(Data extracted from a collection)

○ ○ ○ ○ ○

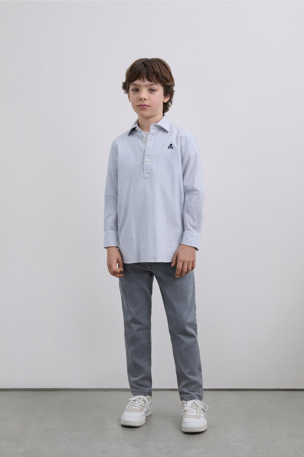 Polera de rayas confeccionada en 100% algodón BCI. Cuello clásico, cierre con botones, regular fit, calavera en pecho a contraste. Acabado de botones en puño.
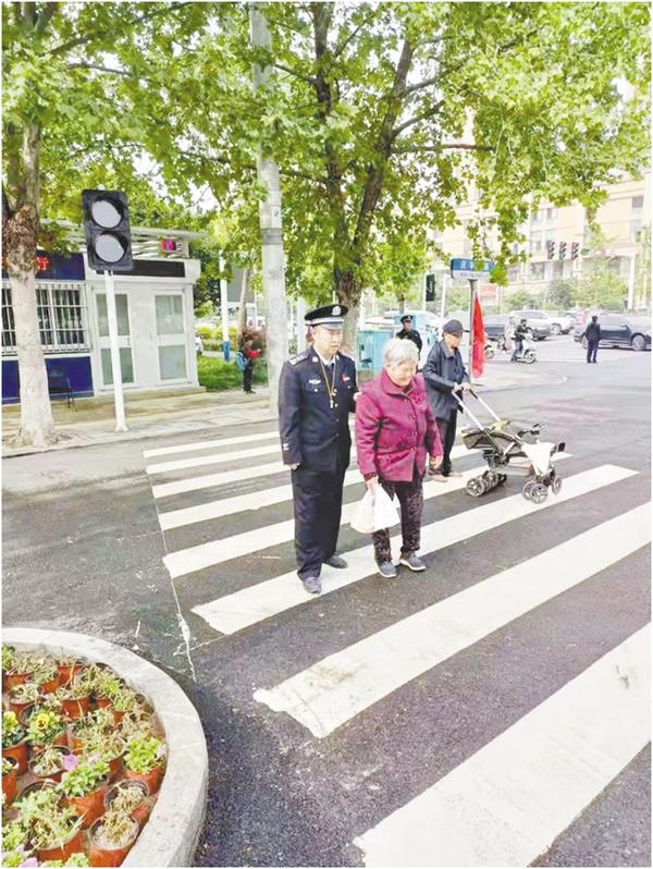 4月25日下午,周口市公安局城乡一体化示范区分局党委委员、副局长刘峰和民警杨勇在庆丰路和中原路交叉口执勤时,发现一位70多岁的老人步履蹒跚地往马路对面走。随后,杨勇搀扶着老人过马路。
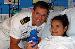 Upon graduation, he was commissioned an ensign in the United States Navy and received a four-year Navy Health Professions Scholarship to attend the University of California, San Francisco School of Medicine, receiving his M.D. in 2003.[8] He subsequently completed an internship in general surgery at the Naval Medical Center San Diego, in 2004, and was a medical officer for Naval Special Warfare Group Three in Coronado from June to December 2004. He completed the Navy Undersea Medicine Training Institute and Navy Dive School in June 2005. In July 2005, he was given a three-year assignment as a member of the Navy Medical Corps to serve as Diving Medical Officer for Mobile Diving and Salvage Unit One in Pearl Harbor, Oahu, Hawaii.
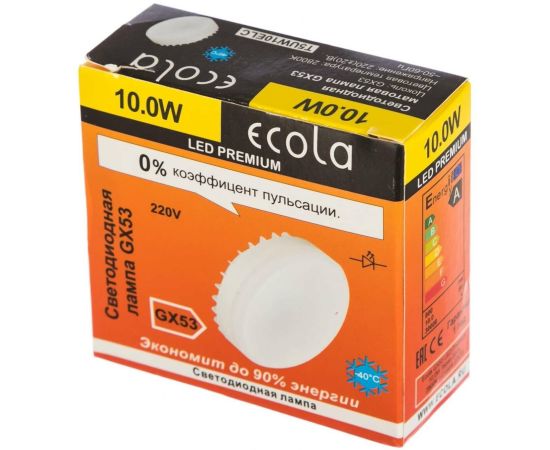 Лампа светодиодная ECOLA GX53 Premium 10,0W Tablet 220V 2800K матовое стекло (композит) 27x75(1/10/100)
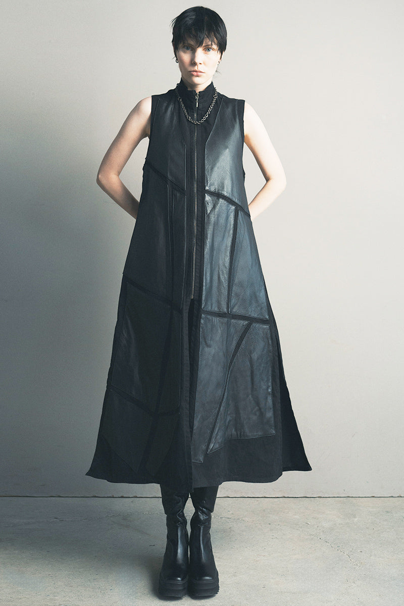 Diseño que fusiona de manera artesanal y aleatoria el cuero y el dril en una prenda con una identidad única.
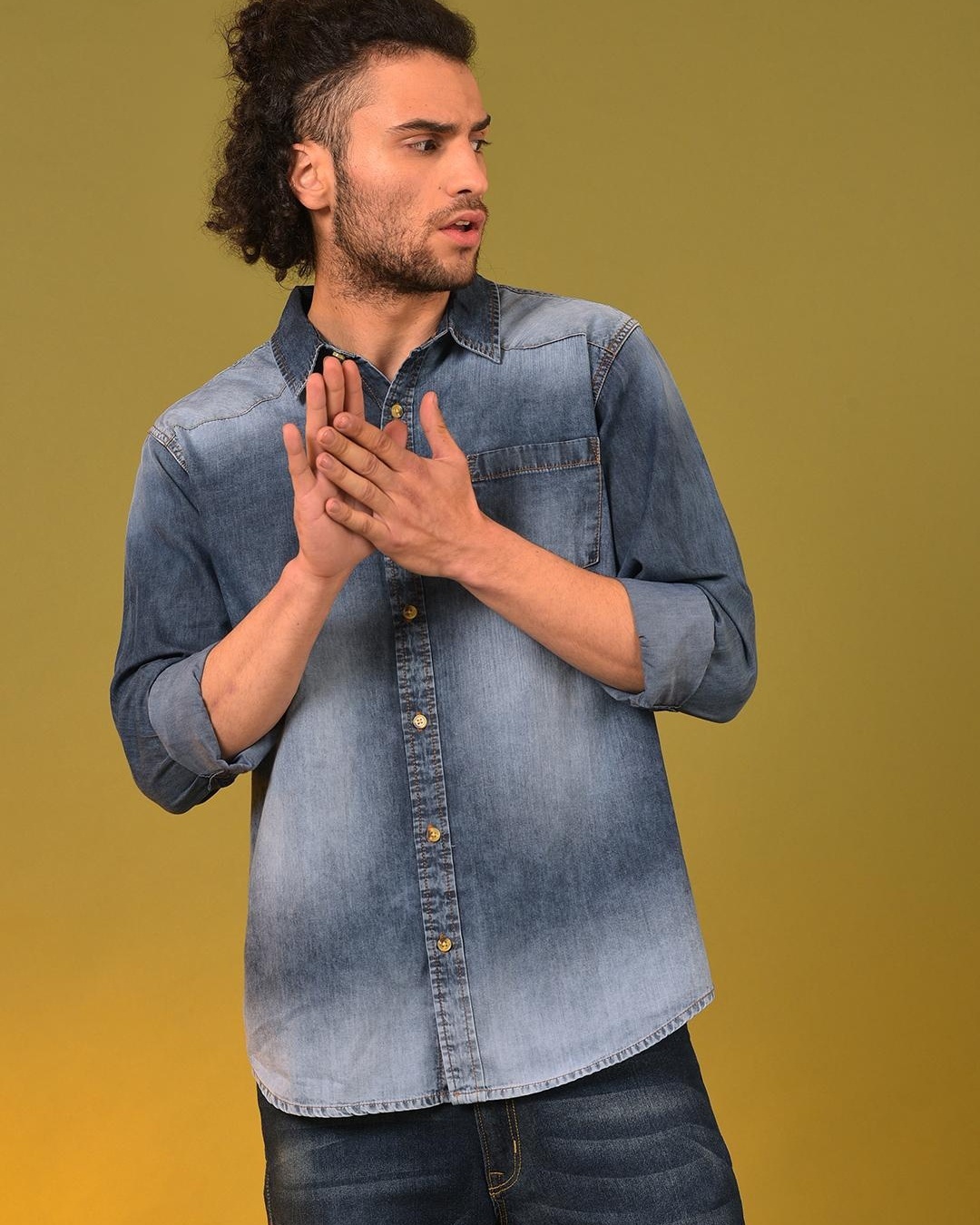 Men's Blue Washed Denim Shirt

○ ○ ○ ○ ○

* _WORK ORDER_
Take the line containing "Лампа светодиодная ECOLA" and every line after it up to the end of the entries, and quote them exactly. Both ends count; the pictures do not.

* _EXERCISE SOLUTION_
 Лампа светодиодная ECOLA GX53 Premium 10,0W Tablet 220V 2800K матовое стекло (композит) 27x75(1/10/100)
 Diseño que fusiona de manera artesanal y aleatoria el cuero y el dril en una prenda con una identidad única.
 Men's Blue Washed Denim Shirt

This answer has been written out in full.